▶ **INPUT DATA**:
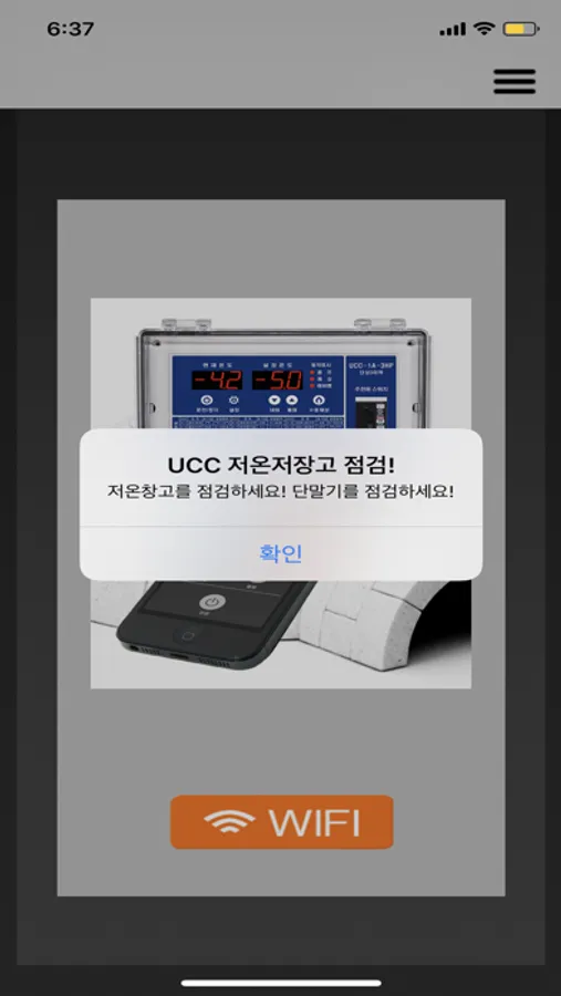 UCC 저온창고 컨트롤러에 와이파이 모듈이 설치 되어 있어야만 아이폰 앱에 와이파이 모듈을 연동하여 사용 가능합니다. 아이폰 앱 단독으로는 사용이 불가능 합니다.
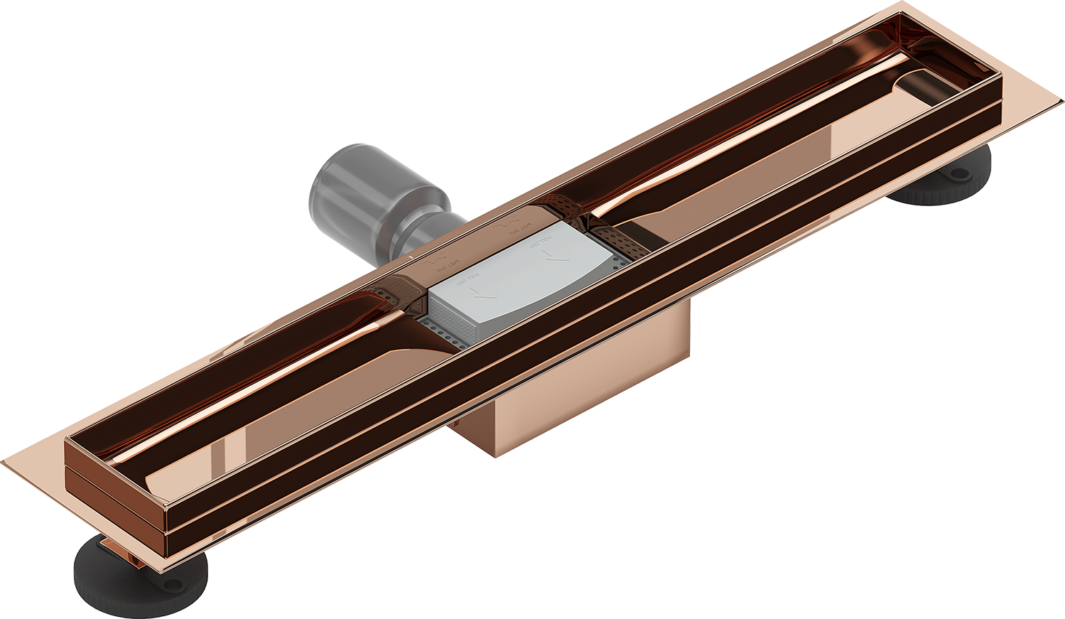 Nutekėjimas yra su reguliuojamomis kojelėmis, kurios leidžia nustatyti tinkamą nutekėjimo aukštį ir išlyginti jį ant nelygaus paviršiaus. Tokiu būdu nutekėjimas dar geriau pritaikomas prie tam tikros vonios kambario sąlygų.
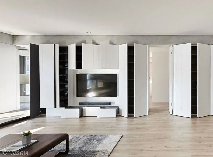 这种家具组合可以完全封闭,具有极简主义的最终外观,也可以部分开放,并根据业主和设计师的喜好为装饰物品、书籍或杂志提供额外的搁架。
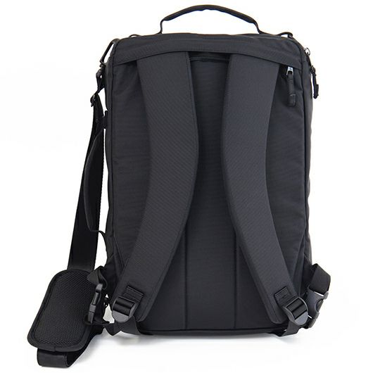 また、バックパックで使用する際のショルダーハーネスは3WAYバッグにしては幅広で厚く作られているので、中身が重くなっても、体への負担を軽減してくれます。
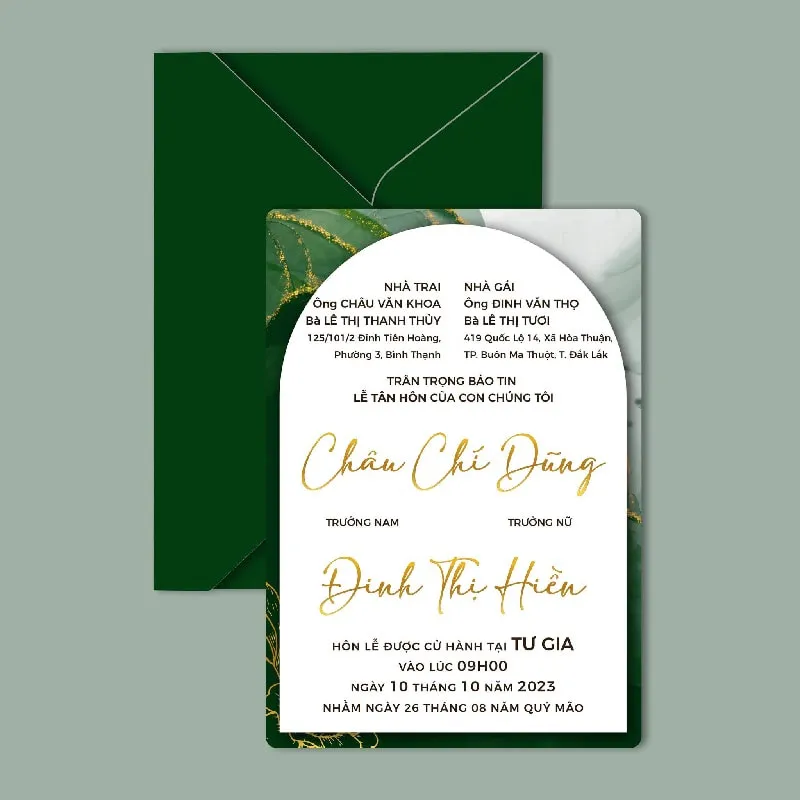 - Thiệp Cưới Màu Xanh Lá Cây – Lựa chọn tuyệt vời với thiết kế độc đáo và chất lượng cao cấp.
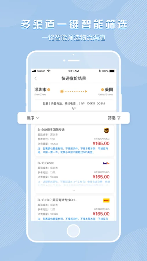 1、物流服务均以商品的形式展示,渠道,时效,重量段等一目了然;
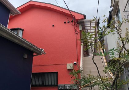 外壁塗装と屋根塗装工事 白い外壁から鮮やかなピンク色になりました
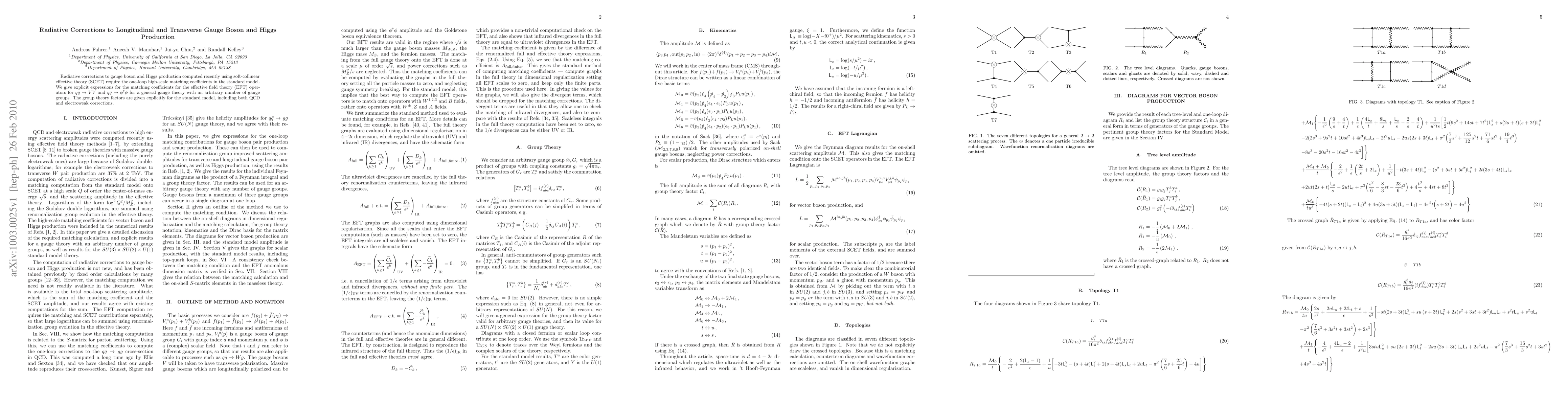 This paper provides explicit expressions for one-loop high-scale matching coefficients in the standard model using soft-collinear effective theory (SCET) for radiative corrections in gauge boson and Higgs production processes, including QCD and electroweak corrections. The group theory factors are explicitly detailed for both q qbar -> VV and q qbar -> phi^+ phi interactions.

▶ **PROBLEM TO SOLVE**:
Starting with the line that holds "Nutekėjimas yra su", reproduce exactly each line up to and including the last line of the material above, and drop the pictures.

▶ **WRITTEN SOLUTION**:
 Nutekėjimas yra su reguliuojamomis kojelėmis, kurios leidžia nustatyti tinkamą nutekėjimo aukštį ir išlyginti jį ant nelygaus paviršiaus. Tokiu būdu nutekėjimas dar geriau pritaikomas prie tam tikros vonios kambario sąlygų.
 这种家具组合可以完全封闭,具有极简主义的最终外观,也可以部分开放,并根据业主和设计师的喜好为装饰物品、书籍或杂志提供额外的搁架。
 また、バックパックで使用する際のショルダーハーネスは3WAYバッグにしては幅広で厚く作られているので、中身が重くなっても、体への負担を軽減してくれます。
 - Thiệp Cưới Màu Xanh Lá Cây – Lựa chọn tuyệt vời với thiết kế độc đáo và chất lượng cao cấp.
 1、物流服务均以商品的形式展示,渠道,时效,重量段等一目了然;
 外壁塗装と屋根塗装工事 白い外壁から鮮やかなピンク色になりました
 This paper provides explicit expressions for one-loop high-scale matching coefficients in the standard model using soft-collinear effective theory (SCET) for radiative corrections in gauge boson and Higgs production processes, including QCD and electroweak corrections. The group theory factors are explicitly detailed for both q qbar -> VV and q qbar -> phi^+ phi interactions.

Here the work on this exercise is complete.